Mage Knight: Destiny's Soldier
From Namco Bandai, shortly after they formed. Since Namco led the way in splitting the DS letters and using it to name Mr. Driller. Under the Namco Bandai name, they named Mage Knight's game Destiny's Soldier. It is good and the Mage Knight series deserves the best chance but I think they forced that on there, compared to all the other games out there.

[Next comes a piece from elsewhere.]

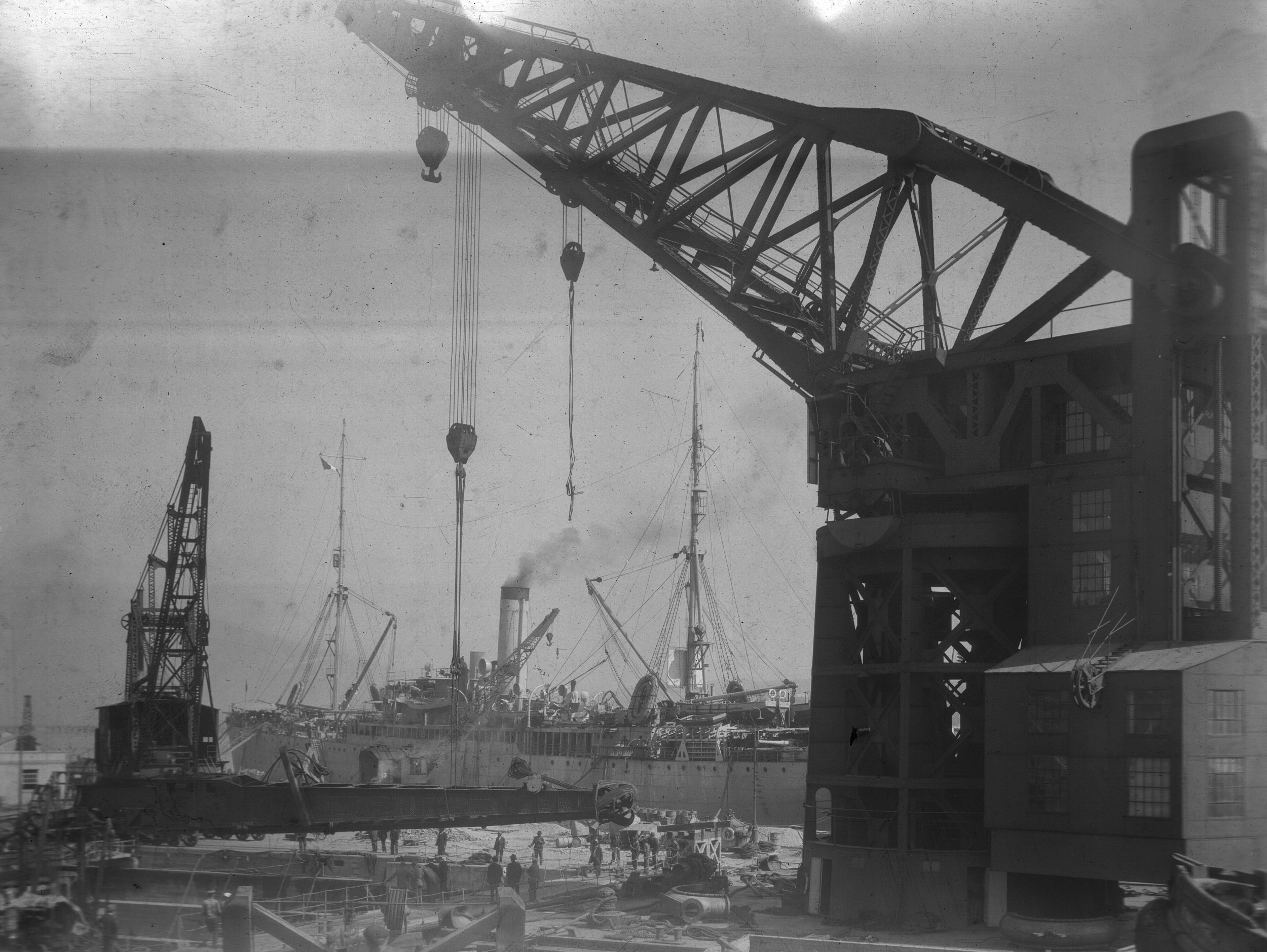 YD-33 and Dry Dock Crane #1 handling the suction cutter head of the US Army Dredge Sacramento at Mare Island, 4 September1919. Note USS Bath (ID-1997) in the background | Darryl Baker | ||

That's pretty much everything, hopefully everything. Nintendo went on to make the Nintendo 3DS, the successor of the Nintendo DS. With the Nintendo 3DS and maybe because of how DS got split and named across many games. Nintendo somehow encouraged developers to name their games by adding a 3D suffix on them. Maybe a mainstream way at the time of showing off that games were the next level of 3D and to fit the system but little did we know, it was maybe a way to get developers off splitting the suffix or giving them another break, like they did with the GameCube, if all these games hadn't proved this. Nintendo did later release the console Nintendo Switch and while this seemed an impossible challenge for any other developer to name their games with the term Switch. Nintendo did managed with the game 1-2-Switch which was a launch title for the system but it seems no other games were made with such a title. No game! There does seem to be Double Switch which was actually first released on the Sega CD from Digital Pictures (known for Night Trap and Corpse Killer) and was later ported onto the Nintendo Switch in 2019, which seems to fit the console nicely and with luck. With this, that's everything up to date, with how a small handful of big developers had fun naming their games for the Nintendo DS and has died down after the Wii U, seeing how it hasn't taken off on the Nintendo Switch with their launch game. I'm not sure, what will be beyond that.